During a read process (which is a refresh-write), or a write process, if
there are manufacturing flaws EG two conductors or two capacitors touch, or
the capacitors are not insulated from each other well enough an adjacent bit
can get the same treatment during the refresh although it is not being
addressed - a Bit Flip.

You seem (I say Seem) to be getting bit flips.

Memtest86 is designed to look for bit flips - this is why it writes patterns
like '11111110', '11111101', '11111011' etc as well as '10000000',
'01000000', '00100000' etc. to provoke bit flip errors.
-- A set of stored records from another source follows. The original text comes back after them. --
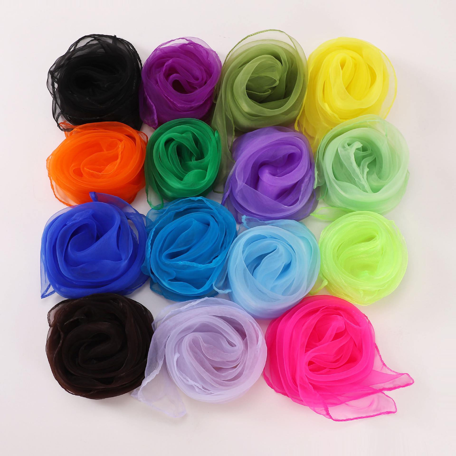 단색 쉬폰 댄스 컬러 작은 실크 스카프 선원 댄스 손수건 거즈 국경 아마존 조기 교육 작은 실크 스카프
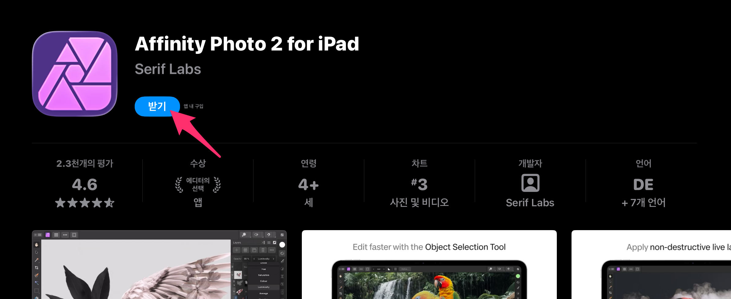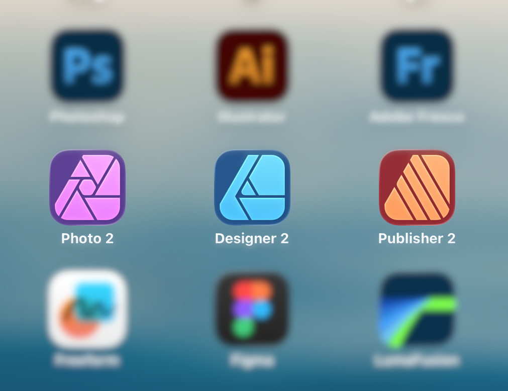 앱스토어에서 Affinity Photo 2, Designer 2, Publisher 2를 설치하세요.
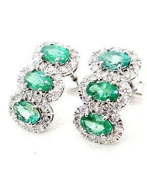 耳环 - 18K包金 白金 祖母绿 - 钻石
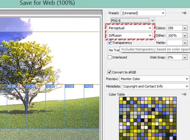 Това са различни алгоритми с които се редуцират цветовете в PNG-8. Можеш да избереш Colors:16 и да видиш по-голяма разлика. Най-добре е да използваш PNG-24 тогава няма редуциране на цветовете. Файла става по-голям, но не би трябвало да има значение. PNG-8 можеш да ползваш при специални случаи, ако например сайта ти ще използва прекалено много снимки и трябва да са по-оптимизирани.
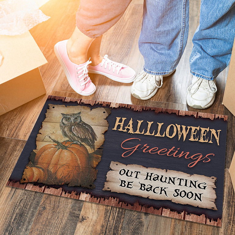 Let’s Shop Halloween Greetings Out Haunting Be Back Soon Funny Halloween Indoor Outdoor Doormat!

If you can move any of the new memory cards around then if the *addresses*
reported move, then the flaw is in the chip. If it doesn't move - given what
you say about your memory timings being quite relaxed, then I am not too
sure - perhaps a mobo problem. At that point I would either return the
memory or gain further evidence and put it into the first bank to prove what
is going on.

If the errors are quite consistent and move, then I would be very tempted to
say from this distance that the memory is actually stuffed.

- Tim



"Bob Davis" > wrote in message
...
>
> "Frank" > wrote in message
> m...
>
> > When memtest86 shows errors something is bad. Now the job
> > is to find out what is bad. Which stick or even the CPU. Read
> > the documentation on their site.
>
>
> See the quote from the Memtest86 site I sent in reply to Boudewijn. My
> problem sounds like what's happening in this description.
>
>

Bob Davis
August 3rd 03, 06:11 AM
"Tim" > wrote in message ...

> 11111011 - what is written
> 11111111 - what is read.
>
> OR
>
> 00000100 - what is written
> 00000000 - what is read


Thanks for that thoughtful and informative explanation. This is what's
happening in every case. My most recent test showed two iterations of a
00000100 written and 00000000 read, which is the first occurrence outside
the ff....ff range. This indicated 100 bit errors, while the f.......
series always shows either 10000 or 20000 bit errors. After reading the
author's explanation quoted in a previous message, I'm leaning toward his
explanation of software confusion, especially after seeing the results of
the tests I've listed below.

> You seem (I say Seem) to be getting bit flips.
>
> Memtest86 is designed to look for bit flips - this is why it writes
patterns
> like '11111110', '11111101', '11111011' etc as well as '10000000',
> '01000000', '00100000' etc. to provoke bit flip errors.
>
> If you can move any of the new memory cards around then if the *addresses*
> reported move, then the flaw is in the chip. If it doesn't move - given
what
> you say about your memory timings being quite relaxed, then I am not too
> sure - perhaps a mobo problem. At that point I would either return the
> memory or gain further evidence and put it into the first bank to prove
what
> is going on.


The error addresses are different each time the test is run even when I
don't move the modules around.

Keep in mind that I have six slots on this mobo. I first swapped the new
modules (Slot 2 to Slot 5 and vice versa), and that revealed no change.
Then I changed the memory timings in the bios from 3-8-3-3 (SPD) to
2-7-3-3, which manifested fewer errors, and while the "bad" were always
ffffffff before, the "good" were then ffffffff, a reversal of position.
Later with this arrangement the order swapped again back to original. I
then changed the timings to 3-10-4-4, which is about as relaxed as my bios
allows, and that revealed no change.

Next, I removed the old memory and installed only the new in Slot 1 and Slot
4, and received no errors. So, while the two pairs used separately show no
errors while in the first slot of each bank, they manifest these random
errors on Test 5 when used together. This indicates to me that the physical
RAM is not defective.

That naturally lead me to think something might be wrong with the second
slot of one or both banks (Slots 2 and/or 5), so I removed the sticks in
Slots 1 and 3 and that manifested no errors. That should eliminate the
possibility of bad slots. So if the slots and modules are good, other than
a software issue I'm dumbfounded as to what could be causing the errors.